How to complete this task: Type out the lines below exactly, pictures excluded.

Data:
>>

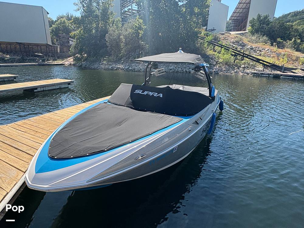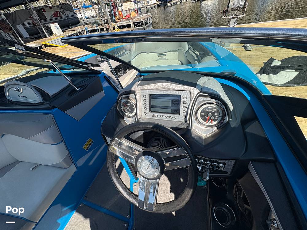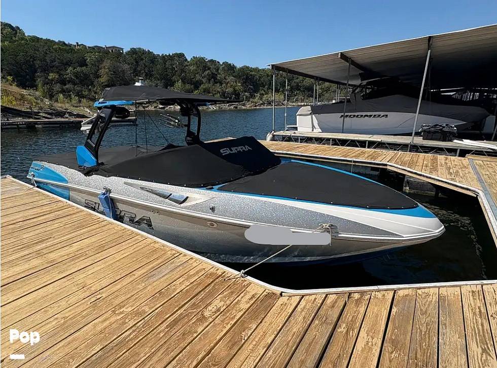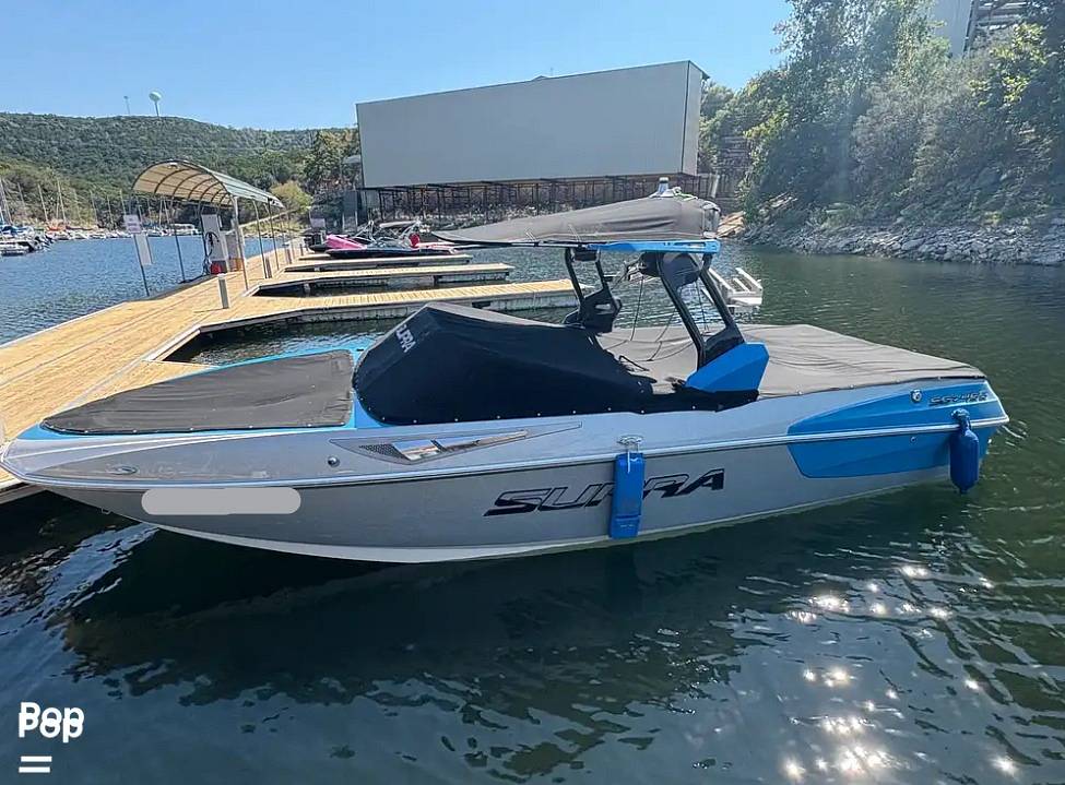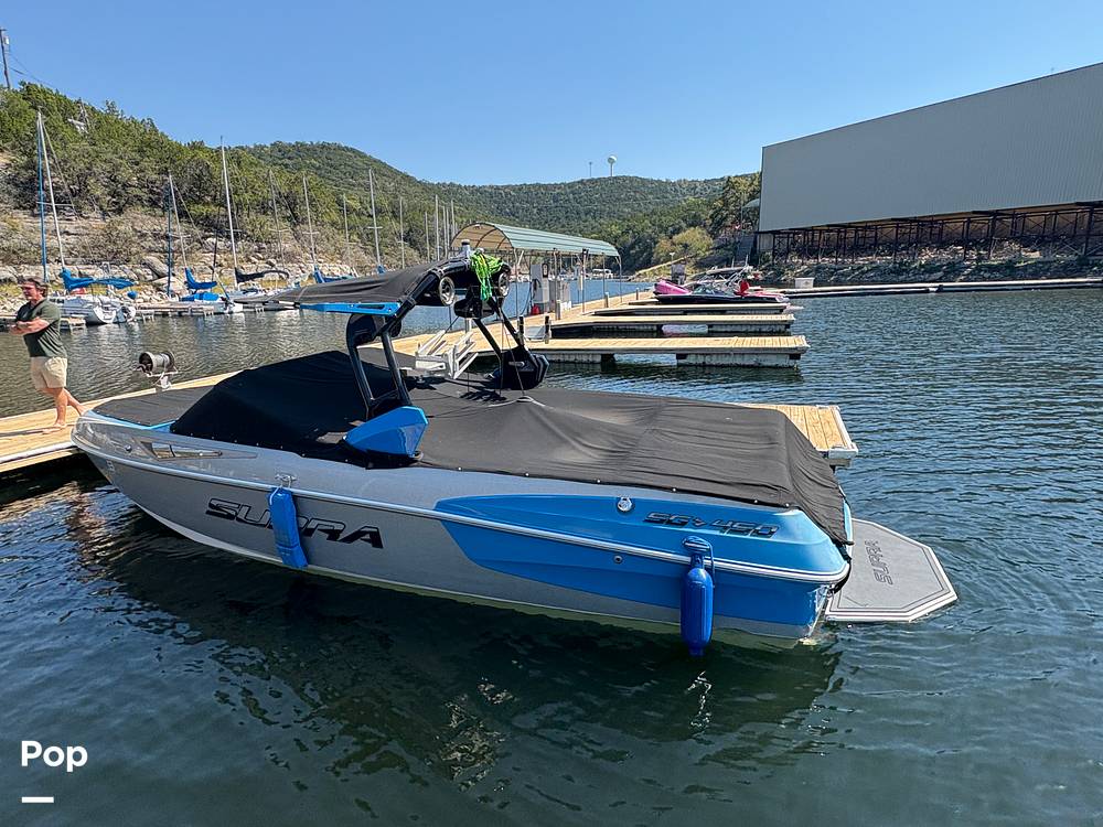 The 2015 Supra SG450 is a large, premium ski/wakeboard/surf boat, built for serious water sports performance while still delivering roomy comfort and luxury. At its heart is a Raptor 440 V8 engine by Indmar (a 6.2-litre inboard), which delivers strong low-end torque and ample power to haul heavy ballast and big loads, get the boat up on plane quickly, and make large wakes or surf waves.
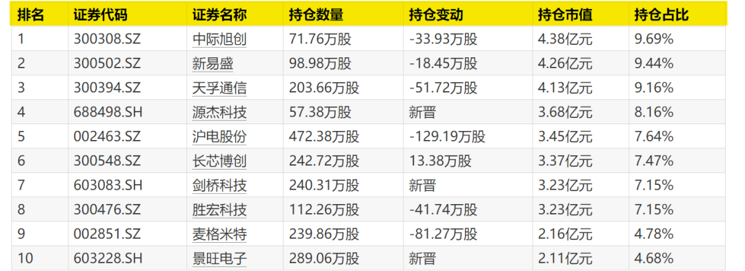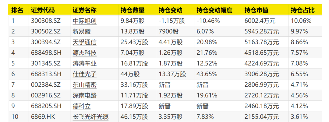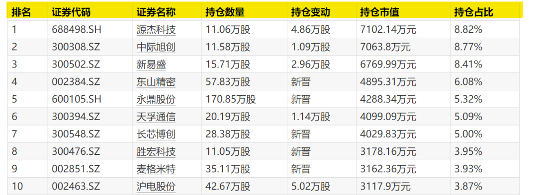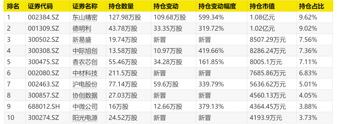 最新持倉顯示,前三大重倉股為東山精密、德明利、新易盛,前兩只個股持倉市值均超1億元。
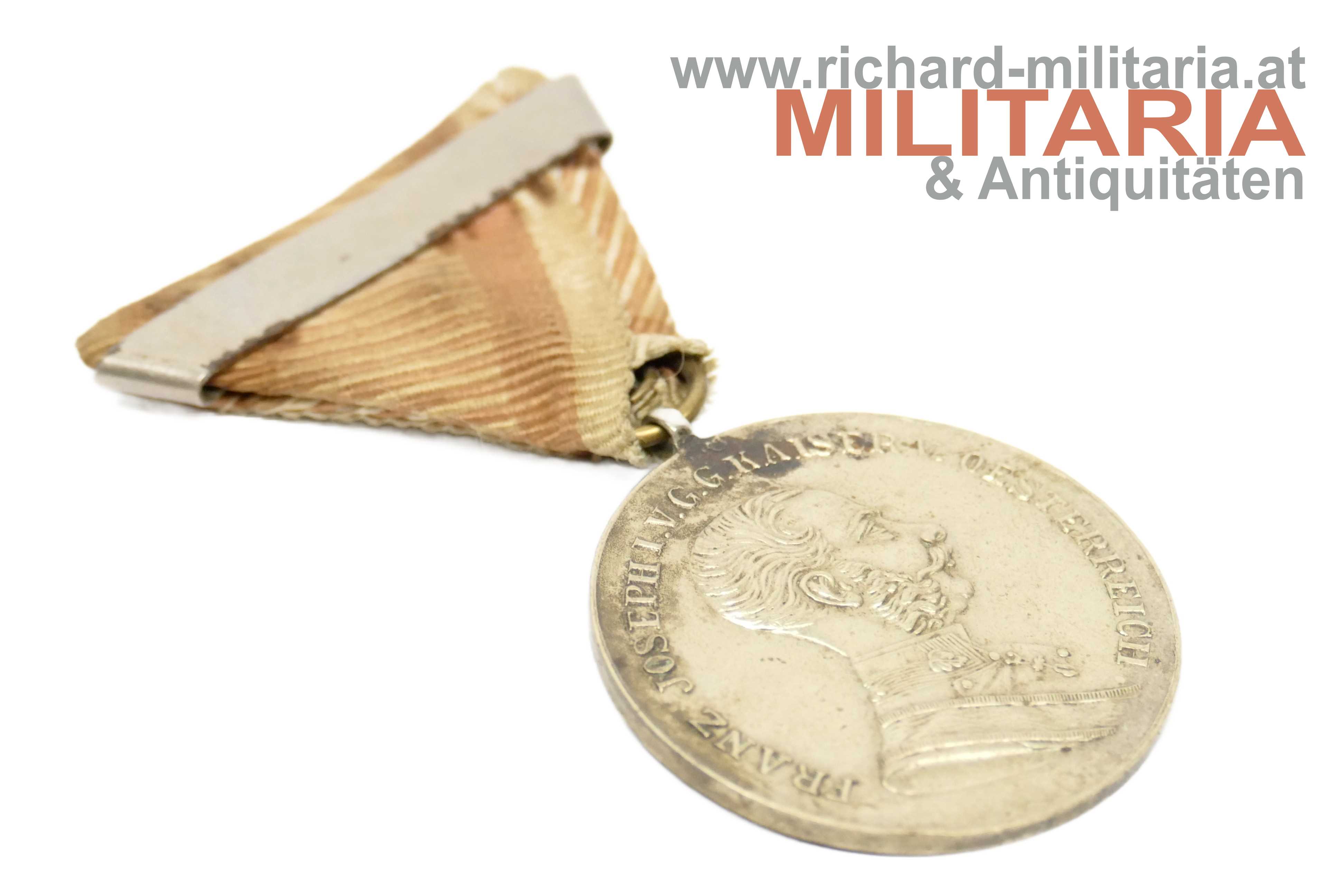 k.u.k. Silberne Tapferkeitsmedaille 1. Klasse - FJ1 - NACHKRIEGSFERTIGUNG; Metall versilbert; ohne Stempelschneider; am passenden Band mit zeitgenössisch vernähter Wiederholungsspange aus Eisen;

<<

Result below:
 The 2015 Supra SG450 is a large, premium ski/wakeboard/surf boat, built for serious water sports performance while still delivering roomy comfort and luxury. At its heart is a Raptor 440 V8 engine by Indmar (a 6.2-litre inboard), which delivers strong low-end torque and ample power to haul heavy ballast and big loads, get the boat up on plane quickly, and make large wakes or surf waves.
 最新持倉顯示,前三大重倉股為東山精密、德明利、新易盛,前兩只個股持倉市值均超1億元。
 k.u.k. Silberne Tapferkeitsmedaille 1. Klasse - FJ1 - NACHKRIEGSFERTIGUNG; Metall versilbert; ohne Stempelschneider; am passenden Band mit zeitgenössisch vernähter Wiederholungsspange aus Eisen;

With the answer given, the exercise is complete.